Electromagnetic cyclotron waves in the dayside subsolar outer magnetosphere generated by enhanced solar wind pressure: EMIC wave coherency

Abstract

Electromagnetic ion (proton) cyclotron (EMIC) waves and whistler mode chorus are simultaneously detected in the Earth’s dayside subsolar outer magnetosphere. The observations were made near the magnetic equator 3.1∘ –1.5∘ magnetic latitude at 1300 magnetic local time from L = 9.9 to 7.0. It is hypothesized that the solar wind external pressure caused preexisting energetic 10–100 keV protons and electrons to be energized in the T⟂ component by betatron acceleration and the resultant temperature anisotropy (T⟂ >T∥) formed led to the simultaneous generation of both EMIC (ion) and chorus (electron) waves. The EMIC waves had maximum wave amplitudes of ∼6 nT in a ∼60 nT ambient field B0. The observed EMIC wave amplitudes were about ∼10 times higher than the usually observed chorus amplitudes (∼0.1–0.5 nT). The EMIC waves are found to be coherent to quasi-coherent in nature. Calculations of relativistic ∼1–2 MeV electron pitch angle transport are made using the measured wave amplitudes and wave packet lengths. Wave coherency was assumed. Calculations show that in a ∼25–50 ms interaction with an EMIC wave packet, relativistic electron can be transported ∼27∘ in pitch. Assuming dipole magnetic field lines for a L = 9 case, the cyclotron resonant interaction is terminated ∼±20∘ away from the magnetic equator due to lack of resonance at higher latitudes.
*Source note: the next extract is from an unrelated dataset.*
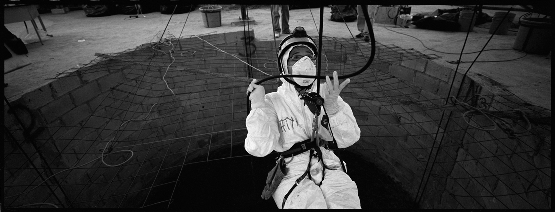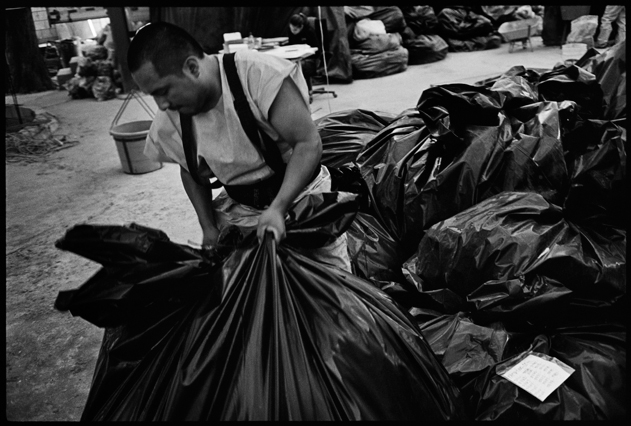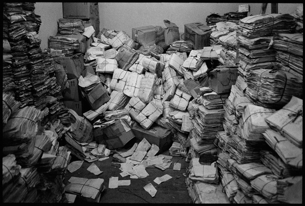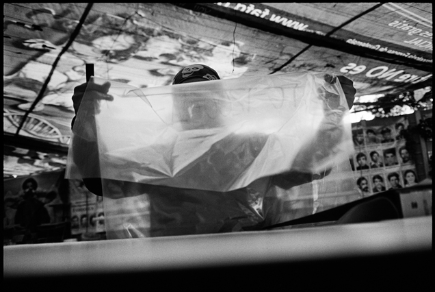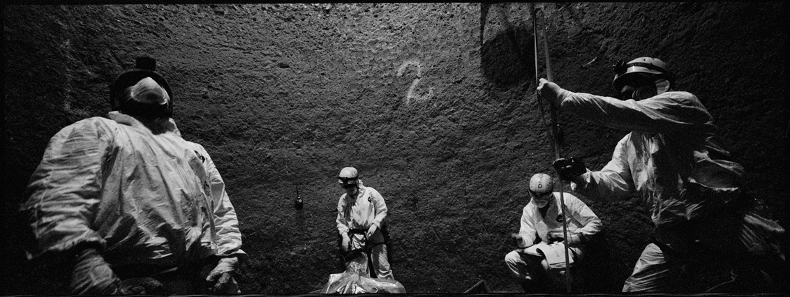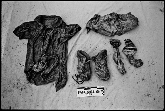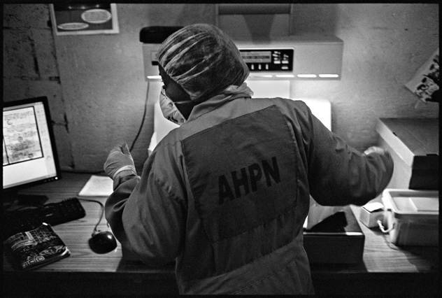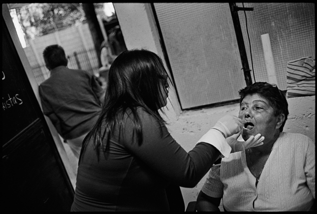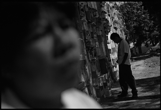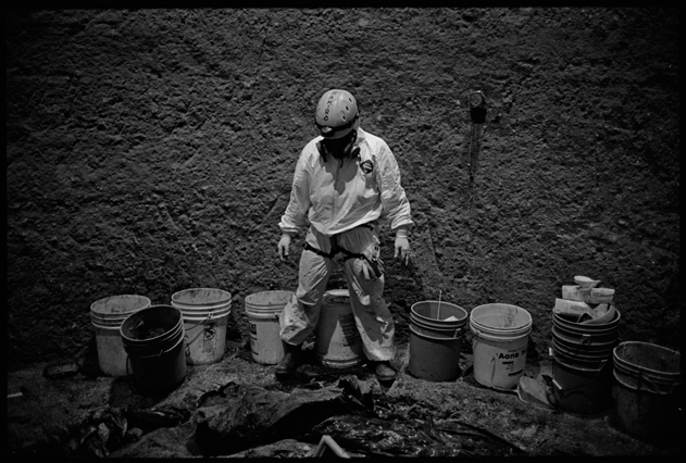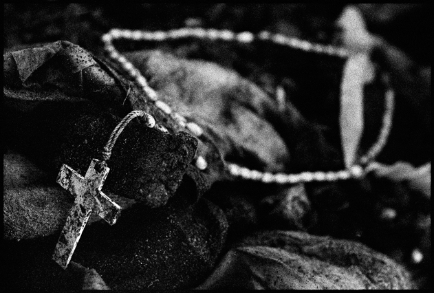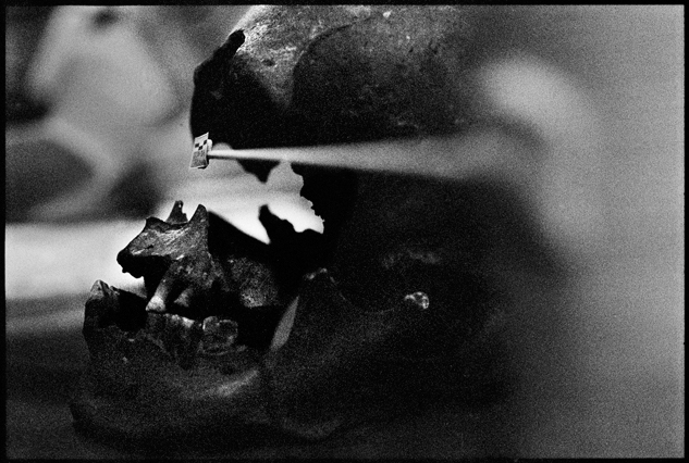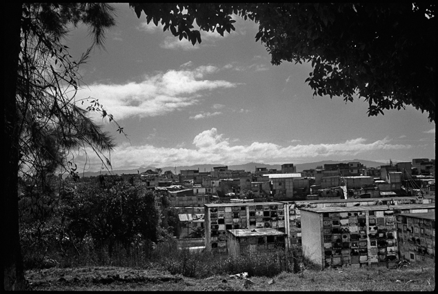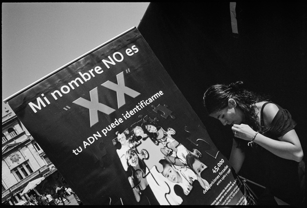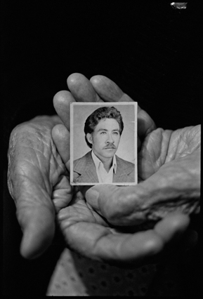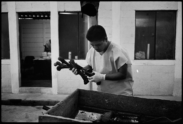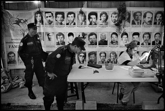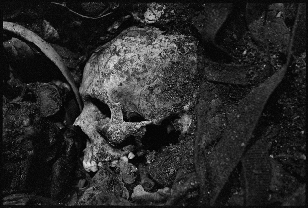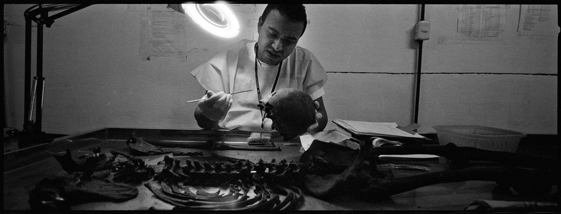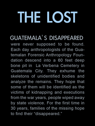 | Angeles tries in vain to reassemble a skull at La Verbena. | Above workers and anthropologists above the ossuary. | The exhumation from down inside. | Ramiro looks down at the hundreds of remains. | A skull emerges from the pile of bones in the pit. | Sara Poroj Vasquez lost her husband to disappearance in 1984. | Sara and her son at La Verbena where she hopes she will find her husbands remains. | Sara on her roof. She makes tamales to sell in the street to make ends meet. | Visitors to La Verbena come and go through the front gate of the cemetery. | Jessica takes a DNA sample from a family member of a disappeared woman in hopes of finding a match. | Jorge Mario Barrios examines case #1200-2776. | Susanna Sanchez analyzes a skull while police watch. | Kat descending into the ossuary. | Pigeons over the cathedral in the Plaza Central. | The public campaign to gather DNA samples from the living. | The faces of the disappeared on the walls of Zone 1. | Esther Herrarte lost her son Jorge Alberto from her living room in 1983. | Esther does the dishes. She hopes Jorge's remains will be found at La Verbena. | A clip from the newspaper sits on Esther's kitchen table. | Vinicio drags a bag of remains to be re-interred. | Esther shops at a local market near her home. | Esther and her son Edgar walk out the same door of their home that her son Jorge was abducted through in 28 years ago. | The skull of an unidentified person, FAFG case ##1200-2776, who probably died from a gunshot to the face. | Bernabe prepares a bag to hold remains from the ossuary. | Sorting unmatched bones at the exhumation site. | A rosary discovered among the remains. | Clothing from a skeleton is catalogued and photographed. | Vinicio holds on as he stares down into the pit. | Julio Solorzano Foppa, who lost his mother to disappearance in 1980, at home in Guatemala City. | Ester Herrarte holds a portrait of her son Jorge. | Don Julio with a poster of his disappeared mother, Alaida Foppa, a prominent Latin American feminist and poet. | Rows of niches filled with the dead at La Verbena. | A worker scans documents at the historical police archives, where researchers hope to find evidence of forced disappearance. | One of the last rooms at the historical police archives to be catalogued that hopefully holds clues to police killings. |

It is concluded that relativistic electron anomalous cyclotron resonant interactions with coherent EMIC waves near the equatorial plane is an excellent loss mechanism for these particles. It is also shown that E >1 MeV electrons cyclotron resonating with coherent chorus is an unlikely mechanism for relativistic microbursts. Temporal structures of ∼30 keV precipitating protons will be ∼2–3 s which will be measurable at the top of the ionosphere.